А как здесь работалось до меня?
Пришло и моё время в жизни хутора Шилишки, дождался. Оно совсем не похоже на крестьянское время и всё-таки моё и моей семьи. Хорошо.
Из таких ощущений, бывает, складываются будни, простые дни наши. Пословица есть: «Не знаешь праздника, так знай хоть будни». Так, наверное, поддразнивают пахарей. Мол, не ходишь в церковь, так хоть работай.
Мои будни здесь – праздник, потому что нет в округе ни одного праздного дома, ни одного праздного поля. Значит, не бывает праздных слов и затей. А берёзовый орган всегда перед глазами, его голоса с нами.
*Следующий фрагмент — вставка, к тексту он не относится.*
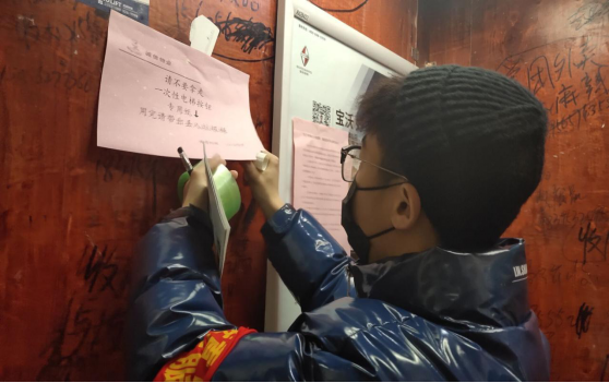 2018级英语(师范)1班的李朝阳也选择成为一名社区防疫志愿者,为电梯消毒、张贴宣传单、登记往来人员,每日的工作单调重复却不容懈怠。“我负责比较细节的工作,本来以为没有居民会注意到,收到礼物太温暖了。”在志愿工作中,李朝阳收到了来自居民奶奶送的鸡蛋,感谢他这些天来认真负责的为社区每一个角落清洁消毒、排除隐患。一筐鸡蛋不仅温暖着每一位志愿者的心,更是战胜疫情与恐惧的曙光,因为那是爱与希望的力量。

Прохлада раннего июньского утра ускользает. Но нет ещё и, кажется, не будет изнуряющей жары; облака летучие снесут жару в другое место.
Стою лицом к незлому ветру.
– Дед, – кричит жена, – внук зовёт на рыбалку!
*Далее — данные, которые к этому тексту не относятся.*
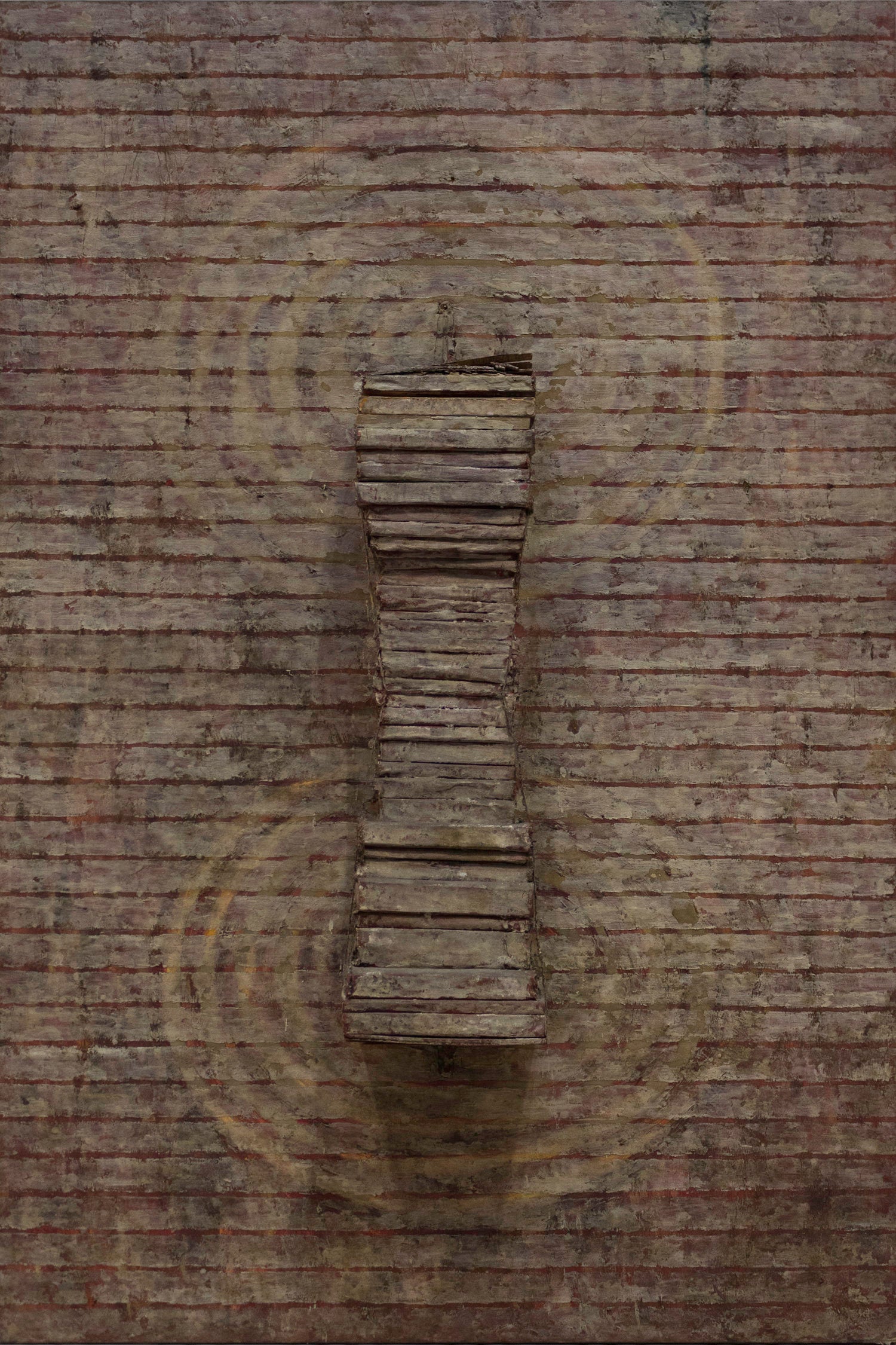 Marks on preparatory drawings are sometimes translated into actual objects as in Head to Wall (1995/2004), wherein he attached a stack of books in the center of a single encaustic panel as an attempt at a more defined iconography. First shown as part of the Painting By Numbers exhibition curated by Chabet at the Cultural Center of the Philippines in 1995, the work is based on a drawing of thickly applied red and tan enamel paint on paper. The blown up painting lures the viewer in through the central relief of books and the concentric circles radiating from each end, creating a labyrinthine inscription from which the viewer cannot escape. He describes it “like the force fields on opposite ends of a magnet, or a bridge between portals leading out of a plane. It is a body with strong opposing forces in stasis, immobilized, with no definite direction.” Nearly ten years after it was created, he returned to the work for his solo exhibition Sleep at West Gallery in 2004, painting it over with white bands as a way of reclaiming it from the aggression of the original image.

– Собирайтесь! – Я беру спиннинг, часы, надеваю сапоги и зелёную рыбацкую куртку с четырьмя карманами. В карманах крючки, блесны, коробочка с грузилами.
– Я пошёл вперед!
Удобное для рыбалки место совсем недалеко: обрывчик Лакаи зарос малиной, под ним укромный тихий аквариум – дно видно. В воде неподвижно раскинулась выдра.
– Моя очередь! – кричу выдре.
Она нехотя, но картинно уплывает на другую сторону в камыши.
Забрасываю блесну, работает трещотка. За спиной слышу голоса жены и Антона. Поддергиваю удилище – неловкое движение и я срываюсь в воду по уши. С трудом выбираюсь из аквариума на глазах внука. Чертыхаюсь, леска запуталась, ищу виноватых. Внук несётся ко мне:
– Дед, поглянь-ка, что у меня! – он протягивает мне на ладони лягушонка.
Стоим лицом к незлому ветру. С меня стекает река, внук радуется своей удаче. Солнечные часы идут, карманные стали.
Она и он, или лучше хлеб с водою, чем пирог с бедою
Она из колодца. Вкусная, призрачная, словно и нет её, строгая до ломоты в пальцах. Живая вода.
И вот Она закипела.
Обдаю кипятком большой чайник, кладу в него сбор – сушёные луговые и лесные травы, ягодный лист. Заливаю кипятком. Вмиг образуется душистая зеленоватая пена. Склоняю лицо над жерлом чайника. Вдыхаю пар от пенной встречи воды с травами. Погружаю в пар лицо. Кухню заполняет лето – дух леса, дух луга.
Входит жена:
– Заварил?
– Да.
– Я в другой комнате почувствовала, – она закрывает глаза.
Накрываю чайник крышкой и под «бабу». Пусть парится сбор до желанного настоя. Настойчивый будет чай.
Травы и листья для него собираем в июне-июле‚ ягоды – осенью. В это время все свободные места в доме занимают травы. Скошенный луг в избе! Покорная лесная полянка!
– Ты в травную комнату лучше не заходи, – говорю я в такие дни жене.
– Почему?
– Чтобы не чувствовать себя неестественно счастливой. В жизни не бывает, как в травных комнатах…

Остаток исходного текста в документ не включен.